Biodegradable polymer blends for applications in field-effect transistors.
Maria Paola Bracciale,
a
Alessandra Broggi,
a
Maria Laura Santarelli,
a
Antonio Facchetti,
b
and
Assunta Marrocchi
c
.
a
Department of Chemical Engineering Materials Environment, University of Rome Sapienza,
via Eudossiana 18, 00185 Rome, Italy;
b
Polyera Corporation, 8045 Lamon Avenue, Skokie, Illinois 60077, United States,
and Department of Chemistry and the Materials Research Center, Northwestern University,
2145 Sheridan Road, Evanston, Illinois 60208-3113, United States;
c
Department of Chemistry, Biology and Biotechnology, University of Perugia,
via Elce di Sotto 8, 06123 Perugia, Italy.
E-mail:
Organic semiconductors hold the promise of simple and straight-forward manufacturing over
large areas, low fabrication cost, flexibility and light weight, thus emerging as viable
alternatives for cost-effective photovoltaic cells (OPVs), light-emitting diodes (OLEDs), thin-
film transistors (OTFTs), and chemical/biological sensors. The electrical performance of
OFETs is now comparable or exceeds that of amorphous Si: H FETs [1]. One way to obtain
the required properties for a particular device is to blend two or more organic components
with the aim of inducing desirable features in organic semiconductor-based structures
combining the advantageous properties of each or even exceeding the performance of the
individual components [2]. Blended systems provide additional benefits, such as lower cost,
due to the reduced amount of semiconducting polymer required and the potential for self-
encapsulation of the functional material by the matrix polymer, since typical organic
semiconductors are susceptible to atmospheric degradation. To date the majority of studies
have focused on the design of new systems able to match the performance of their inorganic
counterparts, and the issues of biodegradability and biocompatibility of the materials
employed in organic electronics are often not considered.
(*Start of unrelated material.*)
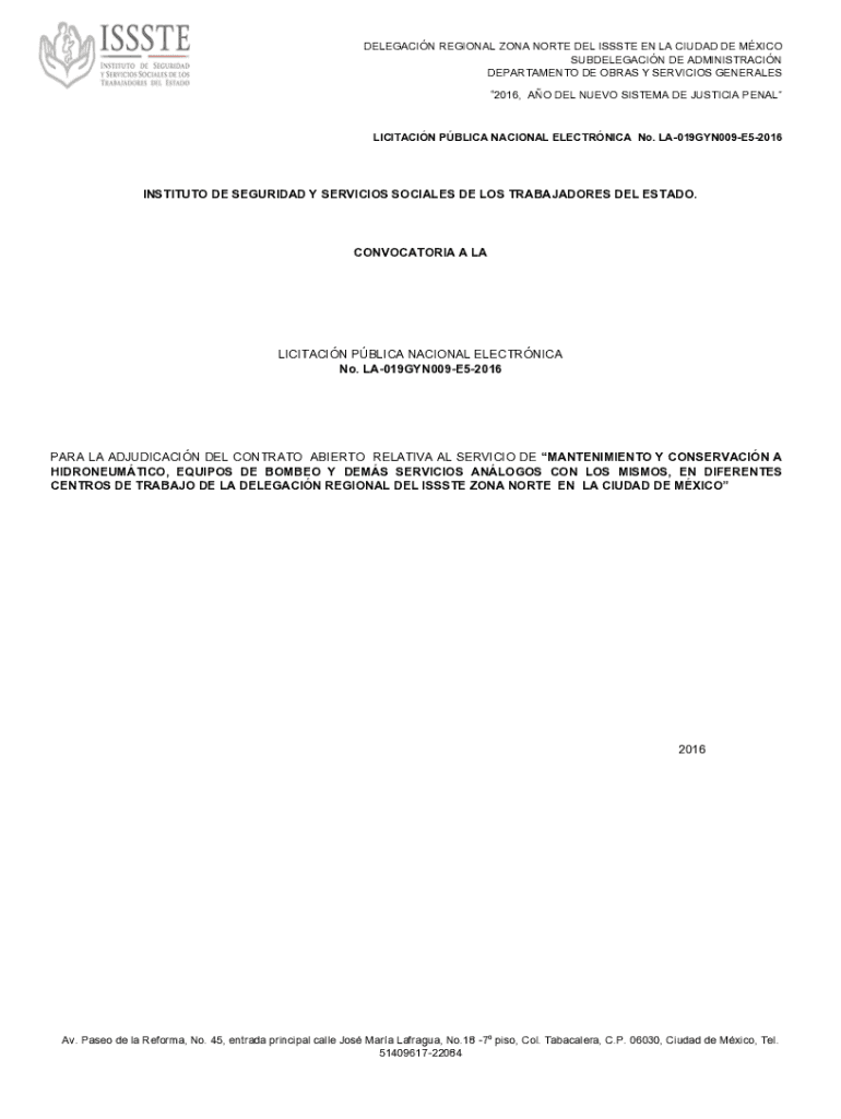2016, AO DEL NERO SYSTEM DE JUSTICE PENALLICITACIN PBL ICA NATIONAL
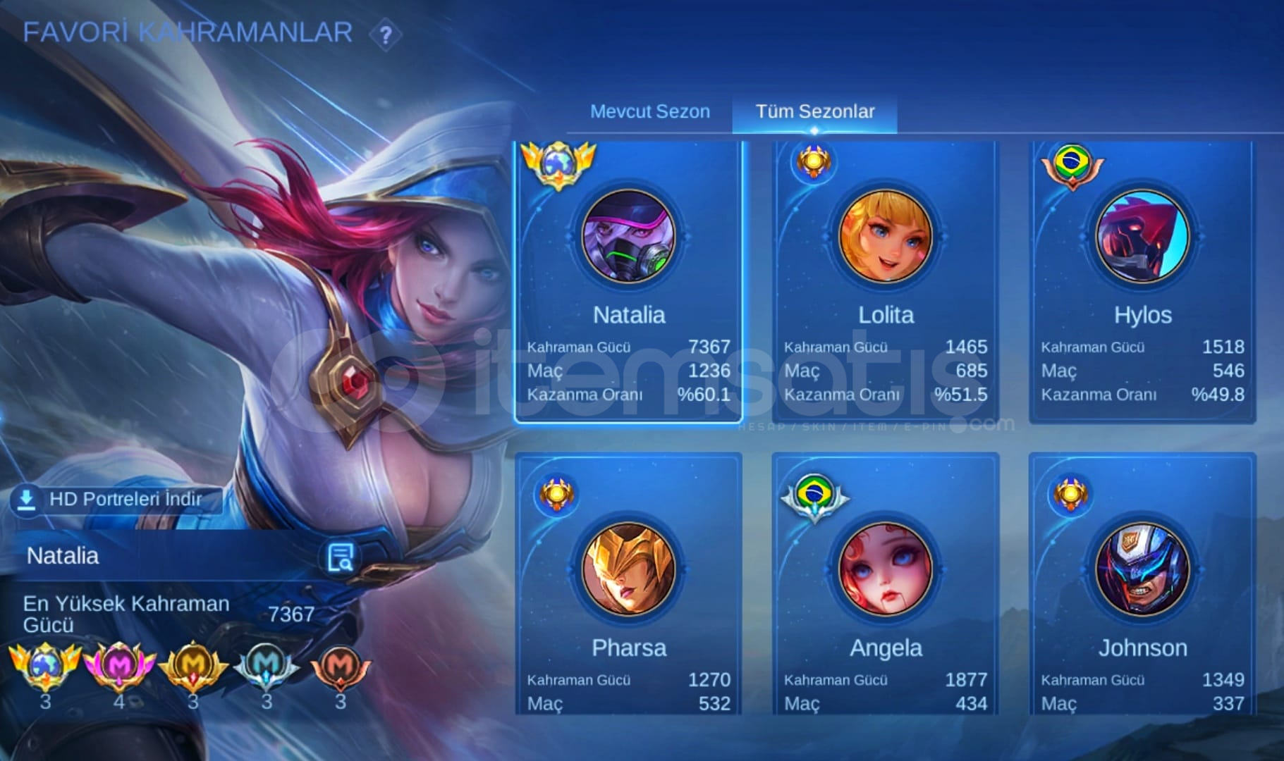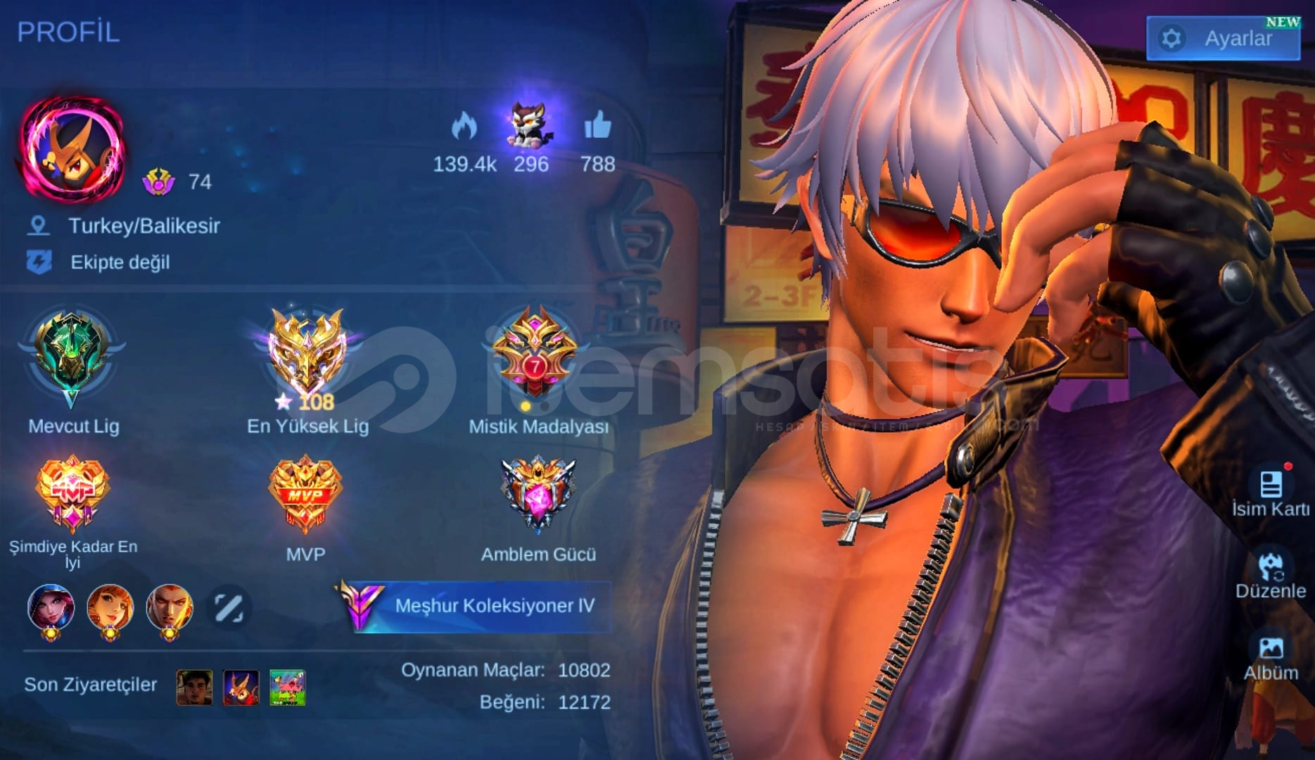 Hesap Seviyesi: 74Max Rank: Yüce Mistik 108 YıldızToplam Maç: 10800+Beğeni: 12172Koleksiyon Seviyesi: Meşhur Koleksiyoner ıvKostüm Sayısı: 230 (LEGEND VALİR,GUS KOF,+)Amblemler: 60 LvL (MAX)Karakter Sayısı: 124 (Savaş Puanı (PARA) : 97219)Hesabın E-Postası Devredilecek.

In this regard,, we report on a
preliminary investigation of the physical nanostructure, surface chemical composition and
electrical characteristics as a function of blend component ratio using high-performing
polymer semiconductors [3] in combination with suitable biomass-derived biodegradable
polymers without detrimental effects on the resulting device characteristics even at high
contents of the insulator.
[1] J. Li, Y. Zhao, H. S.Tan, Y. L. Guo, C. A. Di, G. Yu, Y. Q. Liu, M. Lin, S. H. Lim, Y.
Zhou, H. Su, B. S. Ong, Sci. Rep. 2012, 2, 754:1.
[2] A. D. Scaccabarozzi, N. Stingelin, J. Mater. Chem. A 2014, 2, 10818.
[3] X. Guo, R. Ponce Ortiz, Y. Zheng, M. G. Kim, S. Zhang, Y. Hu, G. Lu, A. Facchetti, T. J.
Marks, J. Am. Chem. Soc. 2011, 133, 13685.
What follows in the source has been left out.